Goal of the exercise: Please copy the data below exactly, from its first line through the line holding "For comparison, we", and skip the pictures.

Input data:
Content starts

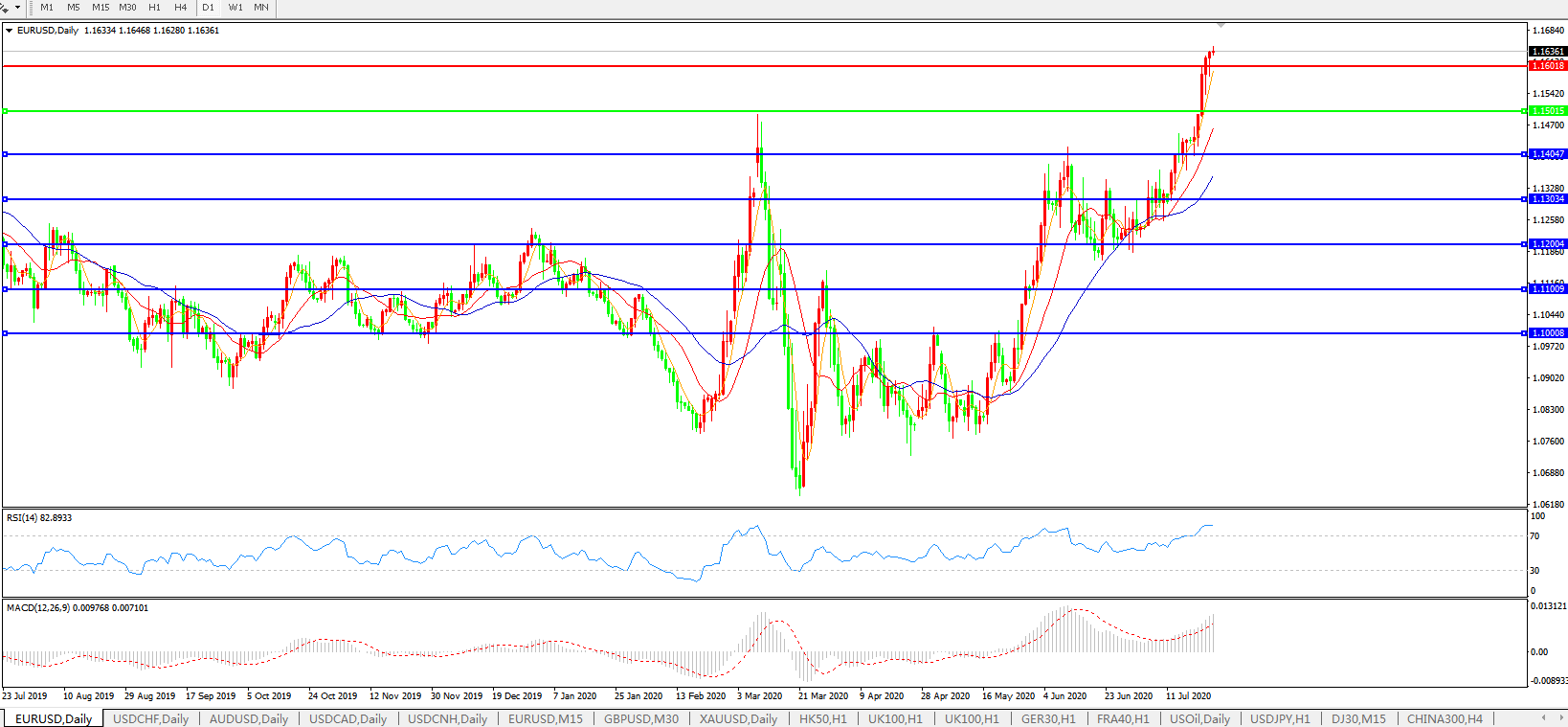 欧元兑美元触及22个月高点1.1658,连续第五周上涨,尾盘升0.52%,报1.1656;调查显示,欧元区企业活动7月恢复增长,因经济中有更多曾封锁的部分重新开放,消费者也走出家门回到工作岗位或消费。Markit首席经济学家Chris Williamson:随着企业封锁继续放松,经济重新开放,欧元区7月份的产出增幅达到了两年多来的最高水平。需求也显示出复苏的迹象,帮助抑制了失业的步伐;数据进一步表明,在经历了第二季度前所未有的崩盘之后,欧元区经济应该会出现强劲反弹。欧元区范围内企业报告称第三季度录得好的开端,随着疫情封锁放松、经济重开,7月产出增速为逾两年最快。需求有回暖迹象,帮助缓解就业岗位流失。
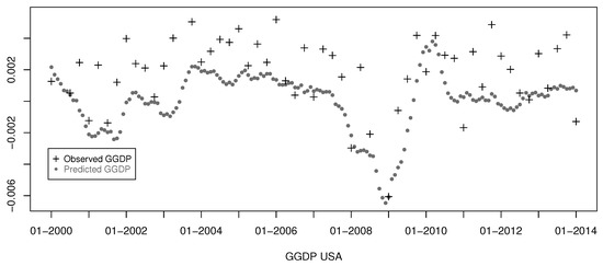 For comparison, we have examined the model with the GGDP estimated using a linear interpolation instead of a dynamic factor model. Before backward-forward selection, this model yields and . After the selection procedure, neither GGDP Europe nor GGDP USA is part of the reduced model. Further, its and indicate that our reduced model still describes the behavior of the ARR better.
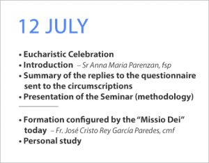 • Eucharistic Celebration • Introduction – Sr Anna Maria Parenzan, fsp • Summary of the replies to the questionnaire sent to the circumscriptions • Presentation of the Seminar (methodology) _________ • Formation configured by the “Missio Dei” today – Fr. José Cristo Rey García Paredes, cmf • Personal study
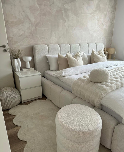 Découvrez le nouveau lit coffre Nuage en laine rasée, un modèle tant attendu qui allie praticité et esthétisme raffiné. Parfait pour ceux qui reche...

Content ends

Your solution:
 欧元兑美元触及22个月高点1.1658,连续第五周上涨,尾盘升0.52%,报1.1656;调查显示,欧元区企业活动7月恢复增长,因经济中有更多曾封锁的部分重新开放,消费者也走出家门回到工作岗位或消费。Markit首席经济学家Chris Williamson:随着企业封锁继续放松,经济重新开放,欧元区7月份的产出增幅达到了两年多来的最高水平。需求也显示出复苏的迹象,帮助抑制了失业的步伐;数据进一步表明,在经历了第二季度前所未有的崩盘之后,欧元区经济应该会出现强劲反弹。欧元区范围内企业报告称第三季度录得好的开端,随着疫情封锁放松、经济重开,7月产出增速为逾两年最快。需求有回暖迹象,帮助缓解就业岗位流失。
 For comparison, we have examined the model with the GGDP estimated using a linear interpolation instead of a dynamic factor model. Before backward-forward selection, this model yields and . After the selection procedure, neither GGDP Europe nor GGDP USA is part of the reduced model. Further, its and indicate that our reduced model still describes the behavior of the ARR better.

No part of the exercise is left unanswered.